Christian Wulff ist zurück. Auf Einladung der Hochschule für Jüdische Studien in Heidelberg sprach er zum Thema "Gesellschaft im Wandel". Nach seinem Rücktritt als Bundespräsident will er nun offenbar eine neue Karriere als Elder Statesman starten. Nur hat von dem Comeback-Versuch kaum jemand etwas mitbekommen.

Von Michael Brandt | 22.11.2012
    Draußen auf dem Heidelberger Universitätsplatz tobt das Leben. Seit ein paar Tagen hat der Weihnachtsmarkt geöffnet und alle stürzen sich auf Glühwein, Eierpunsch, Steakwecken und original Heidelberger Feuerzangenbowle. Die Tatsache, dass gleich nebenan Christian Wulff seine erste öffentliche Rede als Ex-Bundespräsident halten wird, ist zwar interessant, aber mehr auch nicht:

    "Wir haben das hier gar nicht mitgekriegt, wir haben nur mitgekriegt, dass der Glühwein hier 2,80 kostet mit Schuss." - "Ich höre das jetzt gerade zum ersten Mal, dass Wulff hier in Heideberg ist." - "Ich fände es jetzt sehr viele interessanter, wenn seine Frau hier ihr neues Buch vorstellen würde, ich halte sehr viel von Viktoria, äh Veronika, äh Bettina Wulff."
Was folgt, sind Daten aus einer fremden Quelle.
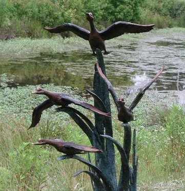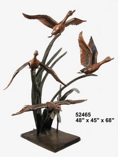 This large bronze fountain cast in the lost-wax method depicts a flock of ducks in flight. This beautiful bird sculpture would look great in a garden pond or as an elegant touch to a natural landscape Available in a special multicolored patina to highlight the natural beauty of this piece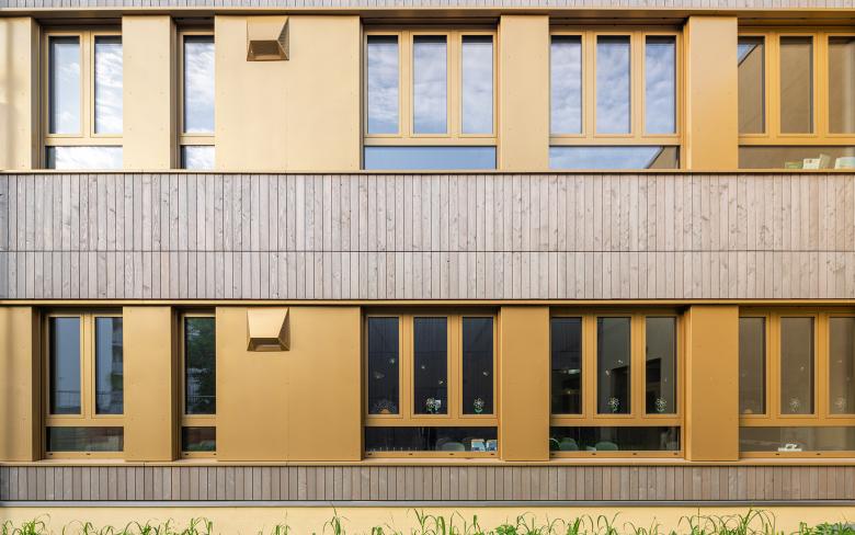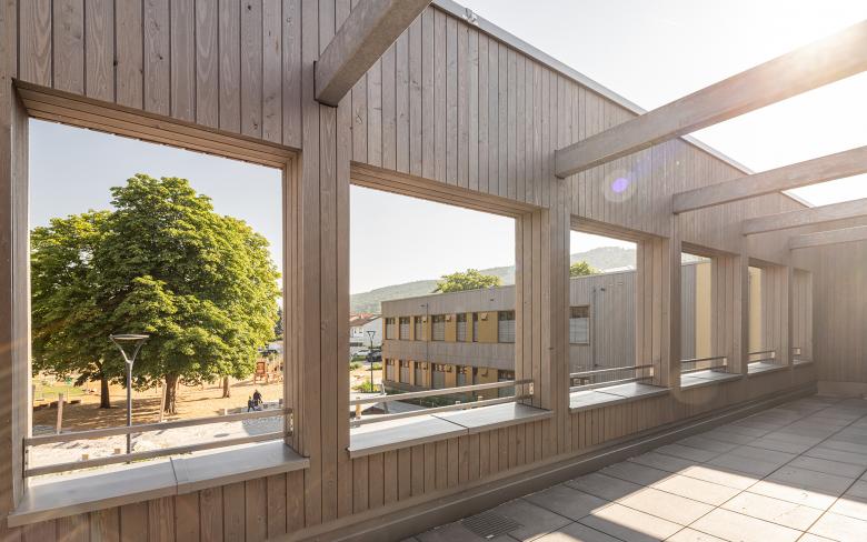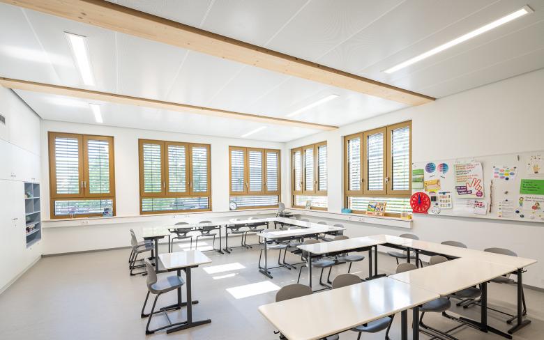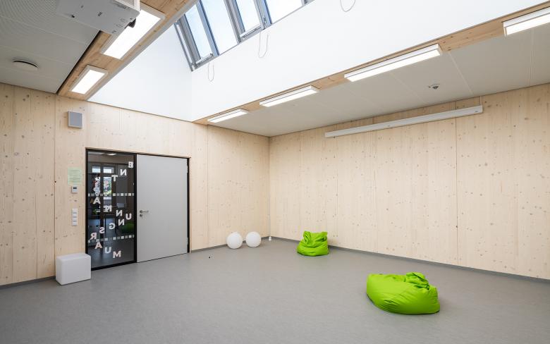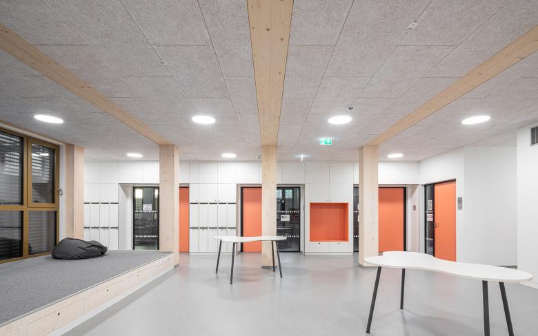 Ein zentraler Bereich in Stahlbetonbauweise verbindet die Gebäude. Die Unterrichtsbereiche wurden aus vorgefertigten Holzelementen errichtet. Die Clusterstruktur ermöglicht eine klare funktionale Gliederung, die auch brandschutztechnisch separat organisiert ist.

    Im Weihnachtsmarktgetümmel geht die Menschentraube vor der Tür der alten Aula fast unter. Rund 300 Interessierte - darunter an die 50 Journalisten - haben es doch mitgekriegt, dass Wulff am Abend zum Thema "Gesellschaft im Wandel" sprechen wird. Sie wollen rein. Aber die Teilnehmerzahl ist streng limitiert: pro Stuhl im altehrwürdigen Hörsaal ein Zuhörer.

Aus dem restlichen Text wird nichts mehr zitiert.